Note: The meshProvider=istio flag tells Flagger to generate Istio VirtualService objects instead of NGINX or Contour configs.

Check the pods:

Bash
kubectl get pods -n istio-system -l app=flagger

You should see one flagger pod in Running state.


Step 3 – Create a Sample Application

Let’s use a simple sockshop demo that ships a frontend service. Deploy it with Helm:

Bash
helm repo add flagger-demo https://flagger.app
helm upgrade -i sockshop flagger-demo/sockshop \
  --namespace=default \
  --set image.tag=v0.1.0

Istio automatically injects sidecars because the namespace has the istio-injection=enabled label (the demo chart sets it). Verify:

Bash
kubectl get pods -l app=frontend -o=jsonpath='{.items[*].metadata.labels}'

You’ll see istio-injection=enabled attached.


Step 4 – Define a Canary CRD

The heart of the automation lives in a Canary custom resource. Here’s a minimal example that rolls out a new frontend image version and validates the 99th‑percentile latency stays under 250 ms.

YAML
apiVersion: flagger.app/v1beta1
kind: Canary
metadata:
  name: frontend
  namespace: default
spec:
  targetRef:
    apiVersion: apps/v1
    kind: Deployment
    name: frontend
  service:
    port: 80
    targetPort: 8080
  analysis:
    interval: 30s
    threshold: 5
    iterations: 10
    metrics:
      - name: request-success-rate
        threshold: 99
        query: |
          sum(rate(istio_requests_total{destination_workload="frontend",response_code=~"2.*"}[1m]))
          /
          sum(rate(istio_requests_total{destination_workload="frontend"}[1m])) * 100
      - name: request-duration-p99
        threshold: 250
        query: |
          histogram_quantile(0.99,
            sum(rate(istio_request_duration_seconds_bucket{destination_workload="frontend"}[1m]))
            by (le))

Save this as frontend-canary.yaml and apply:

Bash
kubectl apply -f frontend-canary.yaml

What happens next?

  1. Flagger creates a new Deployment named frontend-primary (the stable version) and frontend-canary.
  2. Istio VirtualService gets a split: 100 % to frontend-primary.
  3. After the first analysis interval (30 s), Flagger queries Prometheus for the two metrics above.
  4. If both metrics meet the thresholds for 10 iterations (≈5 min), Flagger bumps the traffic to the canary by 10 % each iteration.
  5. If any iteration fails, Flagger rolls back the canary and restores 100 % traffic to the primary.

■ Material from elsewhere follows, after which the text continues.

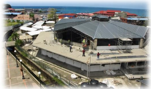
Fig. 12 Scarborough Market Rehabilitation Project

22. The Department of Forestry continued the protection, preservation and enhancement of Tobago's environment, along with the sustainable management of the island's air, land and water resources. Highlights included:
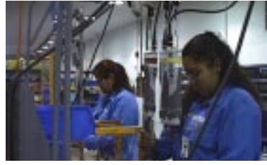
GE Fuji Drives America S.A. de C.V.

Since the previous fiscal year, Fuji Electric has rapidly built up its presence in the Chinese market. Steady efforts are continuously being made in the current fiscal year, focused on the ED&C and drive systems area. In 1997, we established two joint venture companies with a local partner in China—Shanghai Fuji Electric Switchgear Co., Ltd., which produces vacuum circuit breakers and panels, and Shanghai Fuji Electric Transformer Co., Ltd., which manufactures cast-resin molded transformers. Both of these firms commenced full-scale operations in May 1998.

Step 5 – Trigger a New Release

Update the image tag to simulate a new version:

Bash
helm upgrade sockshop flagger-demo/sockshop \
  --namespace=default \
  --set image.tag=v0.2.0

Flagger detects the change (it watches the frontend Deployment), spins up the canary pods, and starts the traffic shift automatically. You can watch the progress:

Bash
kubectl get canary frontend -n default -w

You’ll see fields like Weight, Status, and Iterations. When the rollout finishes, the Weight becomes 100 and the Status reads Succeeded.


Step 6 – Observe Metrics in Grafana

Istio ships a pre‑configured Grafana dashboard at http://<gateway>/grafana. Import the Flagger Canary dashboard (ID 12407) to see a live view of:

  • Traffic split percentages
  • Request success rate
  • P99 latency

These visual cues help you convince stakeholders that the canary is behaving.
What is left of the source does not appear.